··· TASK DATA ···

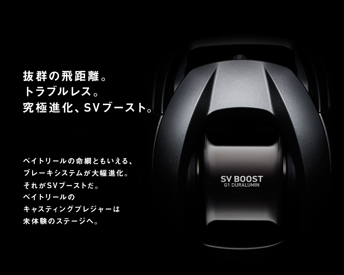 さて、そのマグフォース。2020年、さらなる進化をお届けできることとなった。その名もSVブースト。インダクトローターが2段階可動になることで、より幅広いルアーウエイトを扱えるとともに、ロングキャストから近距離のピッチングまで、より多様なキャスティングレンジに対応可能となったのである。ダイワベイトリールの革命は止まらない。
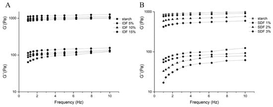 The G′ values of all the specimens were higher than the G″ values, indicating that all specimens were predominantly elastic and closer to the solid state than to the liquid state. The G′ values of the starch/IDF gels were all higher than that of the pure starch gels, but G′ decreased with the increase in IDF addition. This might be due to the fact that the IDF could absorb the bound water, and the water used by the starch for pasting in the system was reduced, thus reducing the degree of pasting and resulting in a weakening of the elastic characteristics. The G″ values of the starch/IDF gels were all higher than the G″ values of the pure starch gels and increased depending on the IDF addition. The change in G″ was significantly greater compared to G′, suggesting the greater impact of the IDF on the wheat starch viscosity []. The G′ values of the starch/SDF gels were lower than the G′ values of the pure starch gels, and all of them decreased with the increase in the amount of SDF added. This indicated that the SDF significantly reduced the elastic properties of the pasted starch and made the pasted starch closer to a liquid. In addition, the G″ of each starch/SDF gel decreased relative to pure starch, but this trend was not as pronounced as that of G′ with the increase in the amount of SDF added. Therefore, the SDF more significantly affected the elasticity of the pasted wheat starch, and SDF might suppress the expression of persistent wheat starch granule reticulation [].
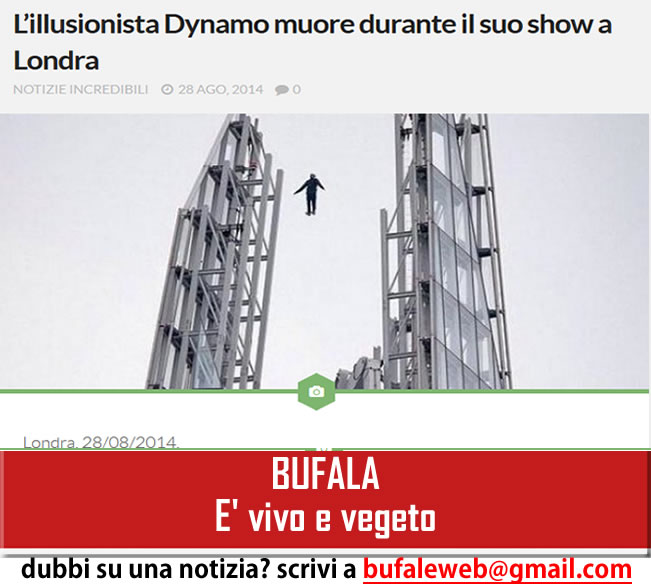 BUFALA L’illusionista Dynamo muore durante il suo show a Londra – bufale.net
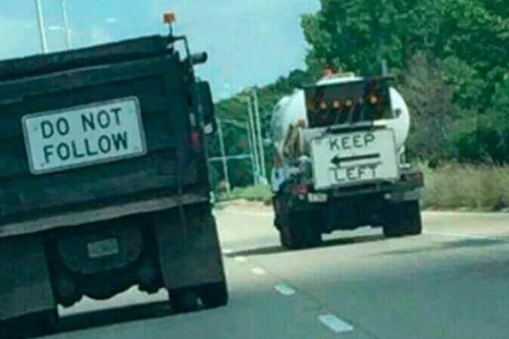 Conduire derrière de gros camions sur l’autoroute peut être risqué, surtout lorsqu’ils transportent des marchandises potentiellement dangereuses. Les camions affichent souvent des panneaux d’avertissement à l’arrière pour alerter les conducteurs qui les suivent. Cependant, un scénario déroutant s’est déroulé pour certains conducteurs lorsque deux camions avec des instructions contradictoires sont apparus devant eux. Un camion à droite invitait les conducteurs à « rester à gauche », tandis que le camion à gauche portait un panneau indiquant « ne pas suivre ».
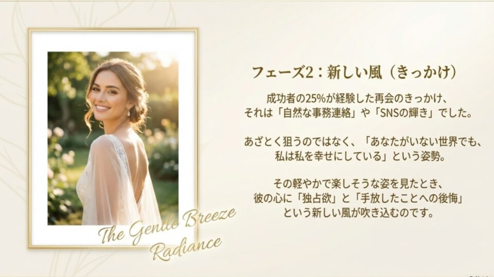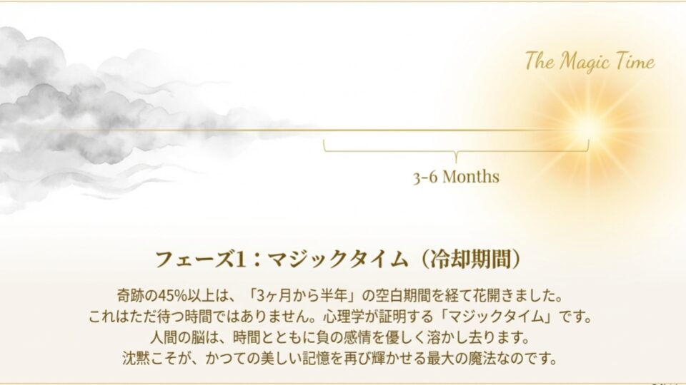 復縁を狙うとき、私たちが最初に気になるのは「いつ、どうやって?」ということですよね。成功者の体験談を分析すると、成功のフェーズは大きく分けて3つに分類されます。

···

**PROBLEM DESCRIPTION**
Every entry above should come back exactly as written, except for its pictures.

**TASK SOLUTION**
 さて、そのマグフォース。2020年、さらなる進化をお届けできることとなった。その名もSVブースト。インダクトローターが2段階可動になることで、より幅広いルアーウエイトを扱えるとともに、ロングキャストから近距離のピッチングまで、より多様なキャスティングレンジに対応可能となったのである。ダイワベイトリールの革命は止まらない。
 The G′ values of all the specimens were higher than the G″ values, indicating that all specimens were predominantly elastic and closer to the solid state than to the liquid state. The G′ values of the starch/IDF gels were all higher than that of the pure starch gels, but G′ decreased with the increase in IDF addition. This might be due to the fact that the IDF could absorb the bound water, and the water used by the starch for pasting in the system was reduced, thus reducing the degree of pasting and resulting in a weakening of the elastic characteristics. The G″ values of the starch/IDF gels were all higher than the G″ values of the pure starch gels and increased depending on the IDF addition. The change in G″ was significantly greater compared to G′, suggesting the greater impact of the IDF on the wheat starch viscosity []. The G′ values of the starch/SDF gels were lower than the G′ values of the pure starch gels, and all of them decreased with the increase in the amount of SDF added. This indicated that the SDF significantly reduced the elastic properties of the pasted starch and made the pasted starch closer to a liquid. In addition, the G″ of each starch/SDF gel decreased relative to pure starch, but this trend was not as pronounced as that of G′ with the increase in the amount of SDF added. Therefore, the SDF more significantly affected the elasticity of the pasted wheat starch, and SDF might suppress the expression of persistent wheat starch granule reticulation [].
 BUFALA L’illusionista Dynamo muore durante il suo show a Londra – bufale.net
 Conduire derrière de gros camions sur l’autoroute peut être risqué, surtout lorsqu’ils transportent des marchandises potentiellement dangereuses. Les camions affichent souvent des panneaux d’avertissement à l’arrière pour alerter les conducteurs qui les suivent. Cependant, un scénario déroutant s’est déroulé pour certains conducteurs lorsque deux camions avec des instructions contradictoires sont apparus devant eux. Un camion à droite invitait les conducteurs à « rester à gauche », tandis que le camion à gauche portait un panneau indiquant « ne pas suivre ».
 復縁を狙うとき、私たちが最初に気になるのは「いつ、どうやって?」ということですよね。成功者の体験談を分析すると、成功のフェーズは大きく分けて3つに分類されます。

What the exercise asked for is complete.